The paper reports on new NICE calculations that 42,000 deaths a year could be avoided if NHS staff carried out a routine kidney test on patients.

The test would pick up the condition of acute kidney injury, which is common in the elderly and patients with heart disease, diabetes and blood infections and linked to dehydration.

It is estimated 210,000 patients attending A&E each year die from this condition, while one million A&E patients suffer from it.

On a happier note, the Daily Express has also gone for a health story on its front page today, with the news of new hope for a cure for arthritis.

British researchers said that eating broccoli may slow the damage to joints in sufferers, or even stop arthritis developing in the first place.
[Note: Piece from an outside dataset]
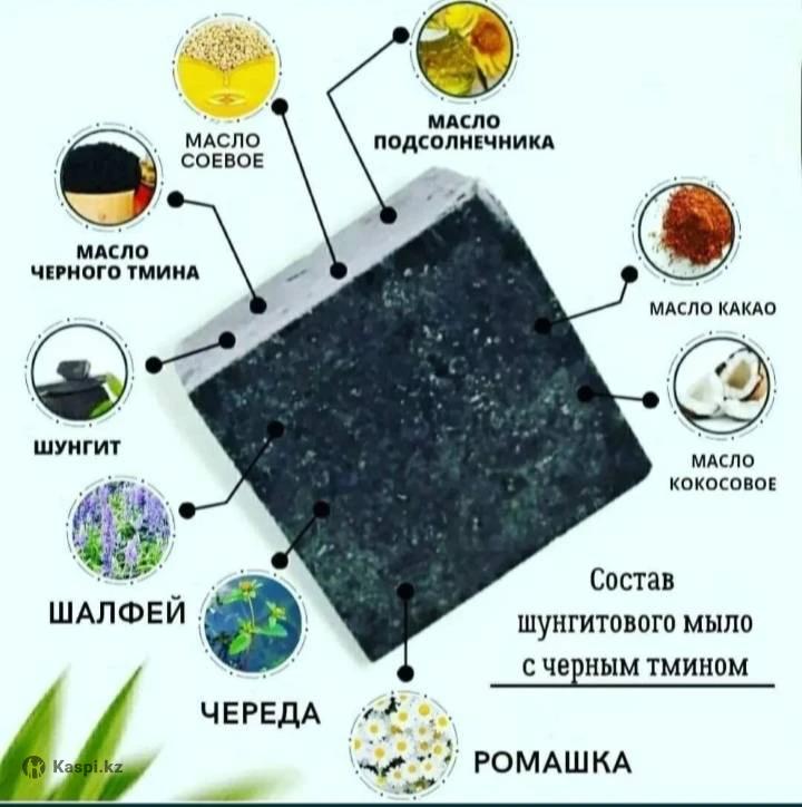 Шунгит сабынының негізгі пайдалы қасиеттері: 1. Теріні терең тазарту: Шунгит кірді, майды және токсиндерді жақсы сіңіреді. 2. Бактерияға қарсы әсер: Безеуге бейім теріге жақсы көмектеседі. 3. Қабынуды басу: Тітіркенуді азайтады, теріні тыныштандырады. 4. Қайта қалпына келтіру: Ұсақ жараларды жазуға көмектеседі, тері регенерациясын тездетеді

They put the results down to a chemical in the vegetable called sulforaphane, which they said blocks a key molecule known to cause joint inflammation.

Lead scientist Professor Ian Clark said: ‘The results from this study are very promising. We have shown this works in the three laboratory models we have tried, in human cartilage cells, cow tissue and mice. We now want to show this works in humans. It would be very powerful if we could.’

Meanwhile, too much screen time is causing depression in children, a new Public Health England study has indicated.

The body said there was evidence that children who spend more time watching screens have higher levels of emotional distress, anxiety and depression than other children, the Guardian reports.

PHE used national statistics to show that children who spent less than an hour a day playing computer games were almost three times more likely to say they enjoyed good wellbeing as those who played four hours or more.